■ **RECORDS SHOWN**

=== Begin Enclosure ===

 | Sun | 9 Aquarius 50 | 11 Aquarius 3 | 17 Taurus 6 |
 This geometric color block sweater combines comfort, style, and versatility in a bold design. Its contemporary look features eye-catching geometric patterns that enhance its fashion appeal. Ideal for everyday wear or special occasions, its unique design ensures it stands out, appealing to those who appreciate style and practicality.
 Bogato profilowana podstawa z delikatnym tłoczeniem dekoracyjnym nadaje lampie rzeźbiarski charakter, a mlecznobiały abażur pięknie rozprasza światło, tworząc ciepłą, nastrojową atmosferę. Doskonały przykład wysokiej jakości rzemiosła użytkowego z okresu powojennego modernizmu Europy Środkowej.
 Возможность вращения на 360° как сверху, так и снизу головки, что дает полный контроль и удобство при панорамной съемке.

=== End Enclosure ===
=== Begin Enclosure ===

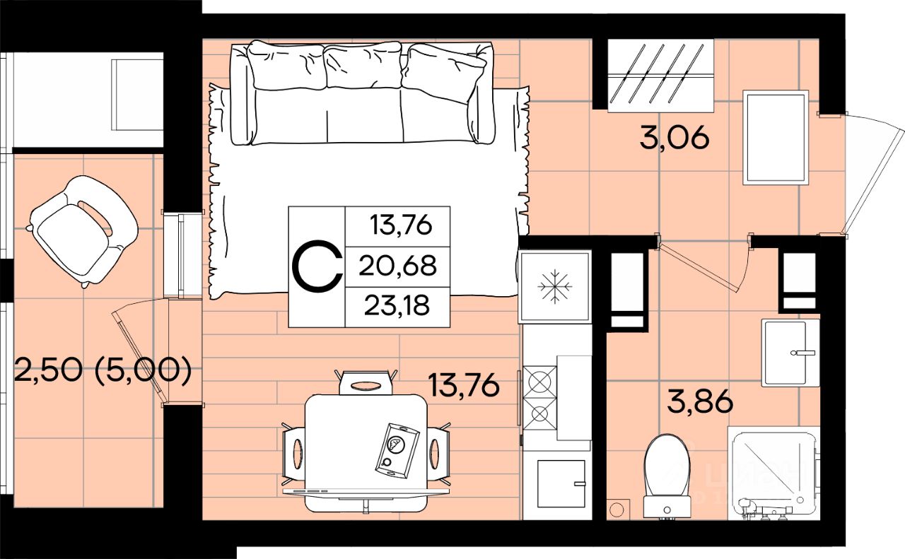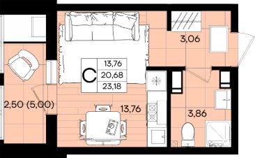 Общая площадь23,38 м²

=== End Enclosure ===
=== Begin Enclosure ===

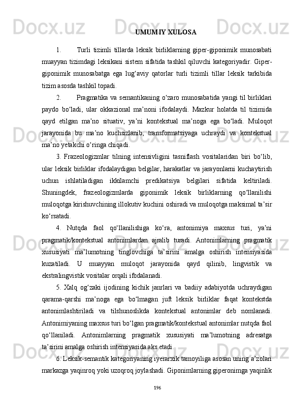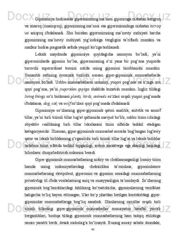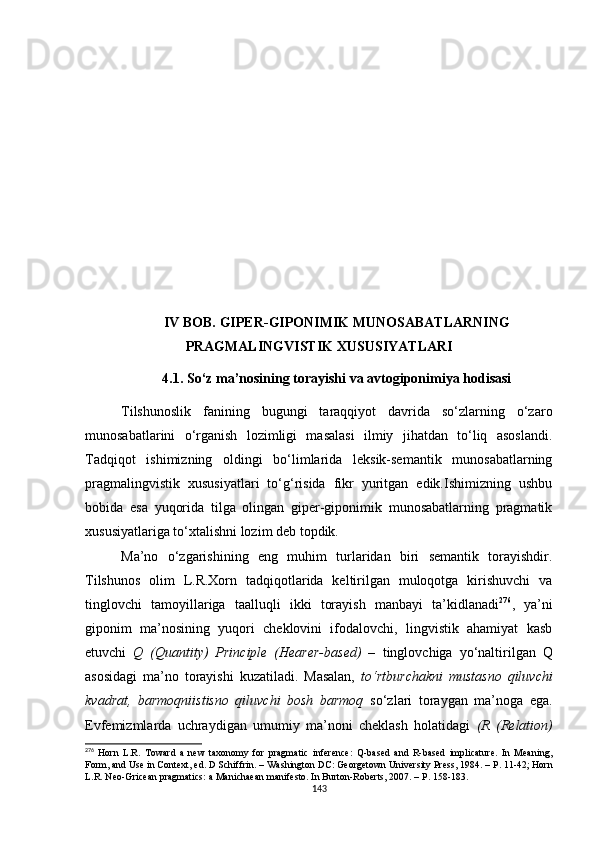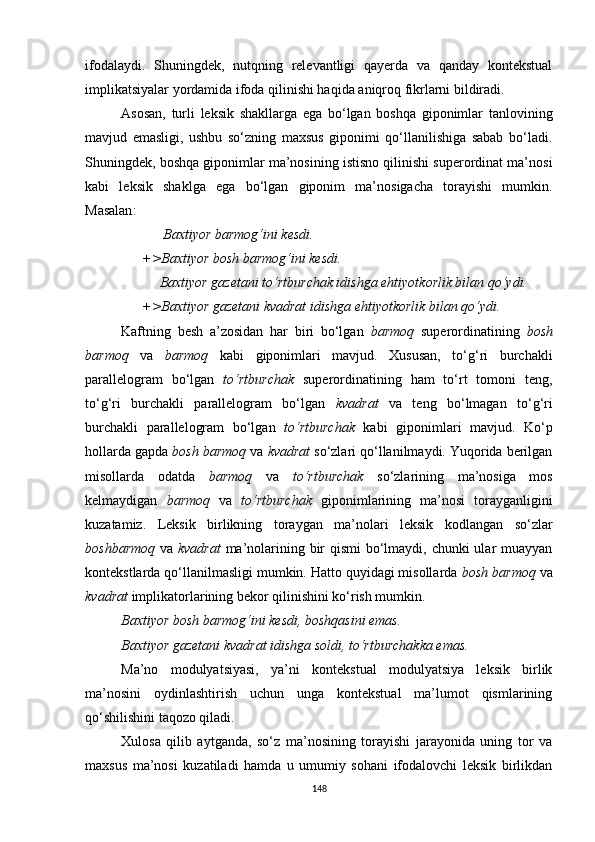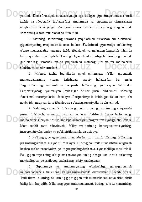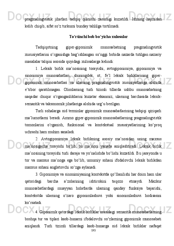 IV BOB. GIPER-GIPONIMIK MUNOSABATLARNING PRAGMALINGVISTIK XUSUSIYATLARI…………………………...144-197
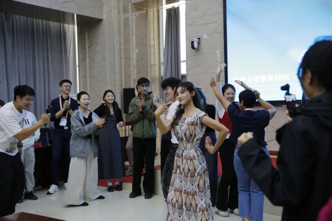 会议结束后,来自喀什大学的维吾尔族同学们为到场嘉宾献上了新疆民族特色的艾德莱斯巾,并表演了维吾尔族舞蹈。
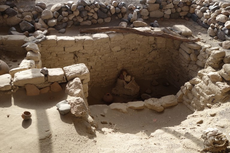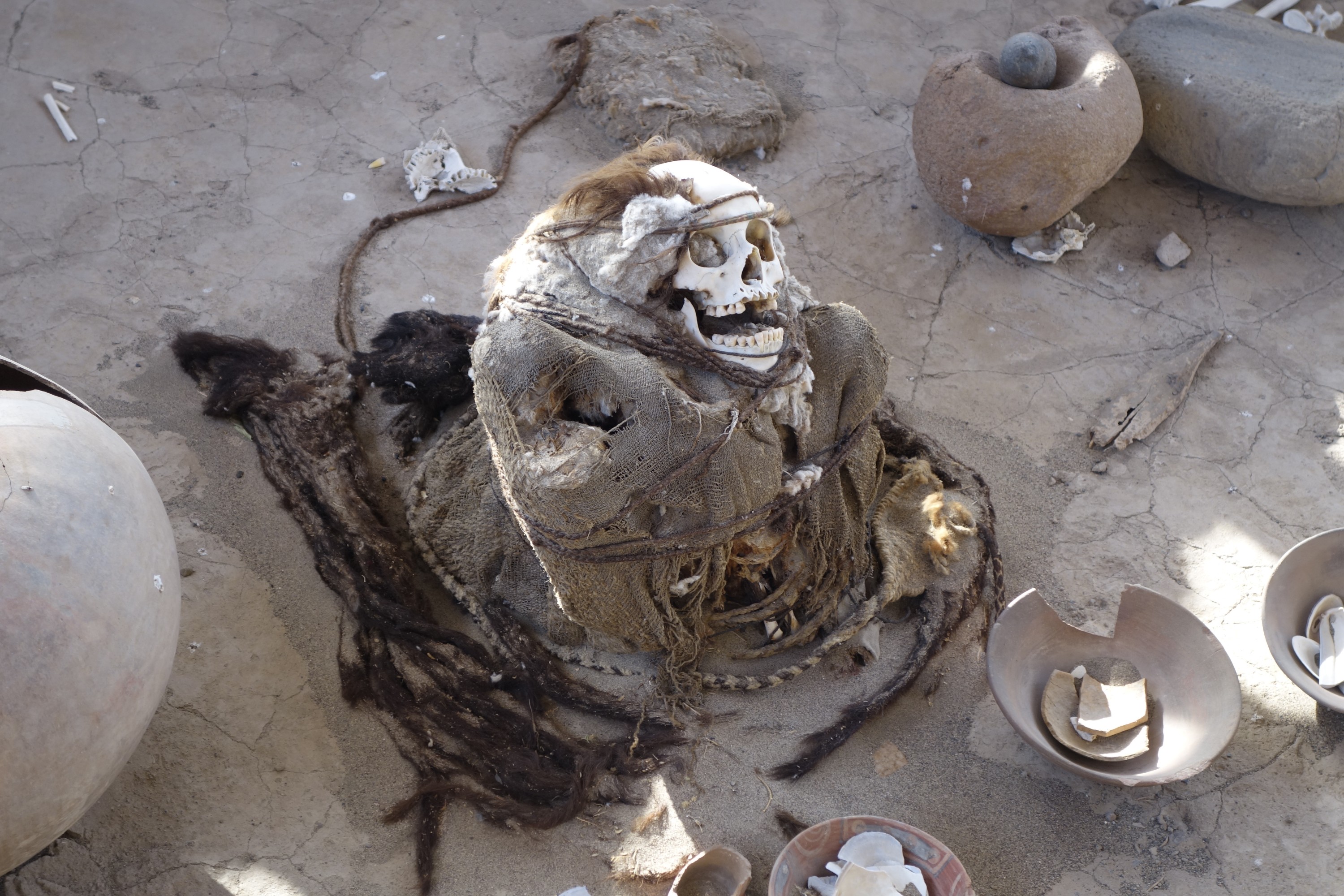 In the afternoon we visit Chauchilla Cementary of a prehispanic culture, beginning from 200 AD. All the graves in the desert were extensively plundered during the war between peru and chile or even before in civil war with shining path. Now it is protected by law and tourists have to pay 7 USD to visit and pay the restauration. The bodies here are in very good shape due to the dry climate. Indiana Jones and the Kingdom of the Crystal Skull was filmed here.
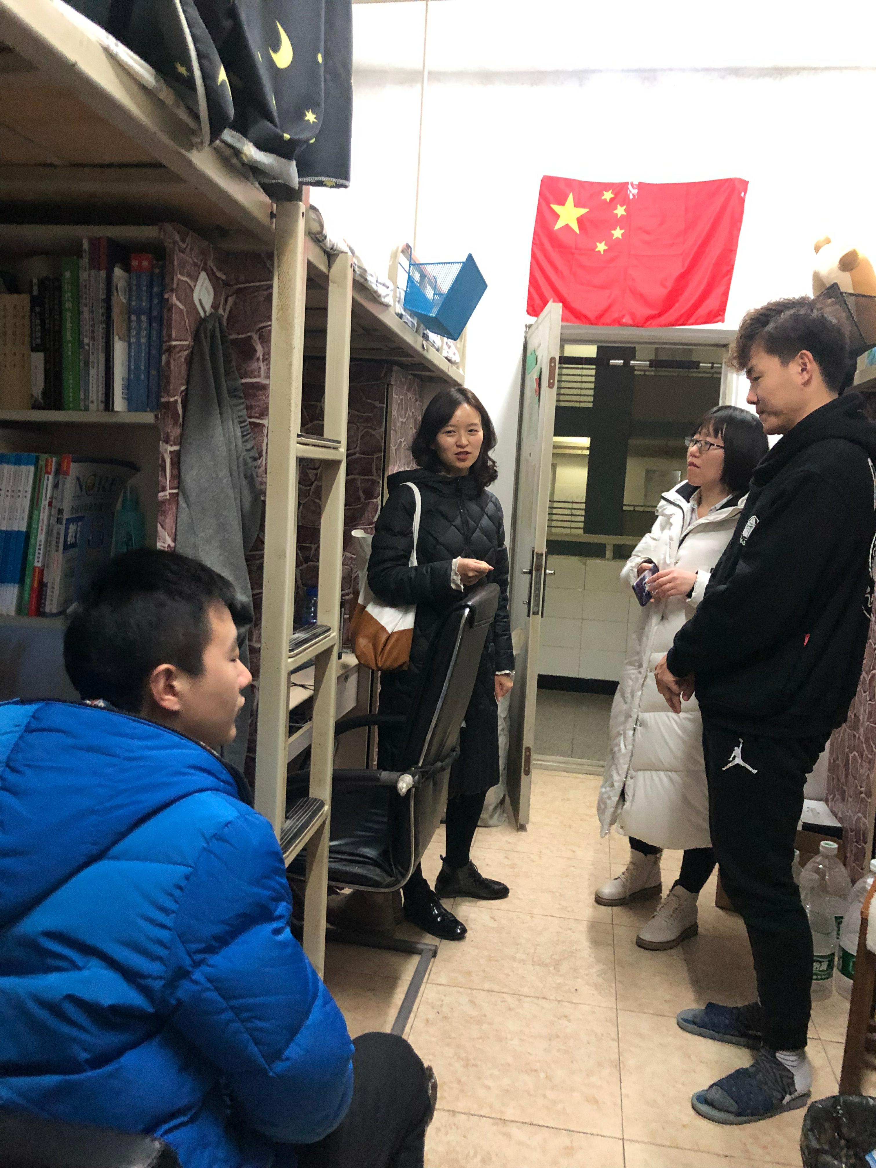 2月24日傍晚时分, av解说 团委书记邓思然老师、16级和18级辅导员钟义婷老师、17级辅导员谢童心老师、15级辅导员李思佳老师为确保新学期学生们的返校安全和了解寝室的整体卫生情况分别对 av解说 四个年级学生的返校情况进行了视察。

=== End Enclosure ===

■ **ASSIGNMENT**
Of all the entries above, output exactly the lines between the one holding "Bogato profilowana podstawa" and the one holding "Возможность вращения на", inclusive.

■ **EXERCISE RESPONSE**
 Bogato profilowana podstawa z delikatnym tłoczeniem dekoracyjnym nadaje lampie rzeźbiarski charakter, a mlecznobiały abażur pięknie rozprasza światło, tworząc ciepłą, nastrojową atmosferę. Doskonały przykład wysokiej jakości rzemiosła użytkowego z okresu powojennego modernizmu Europy Środkowej.
 Возможность вращения на 360° как сверху, так и снизу головки, что дает полный контроль и удобство при панорамной съемке.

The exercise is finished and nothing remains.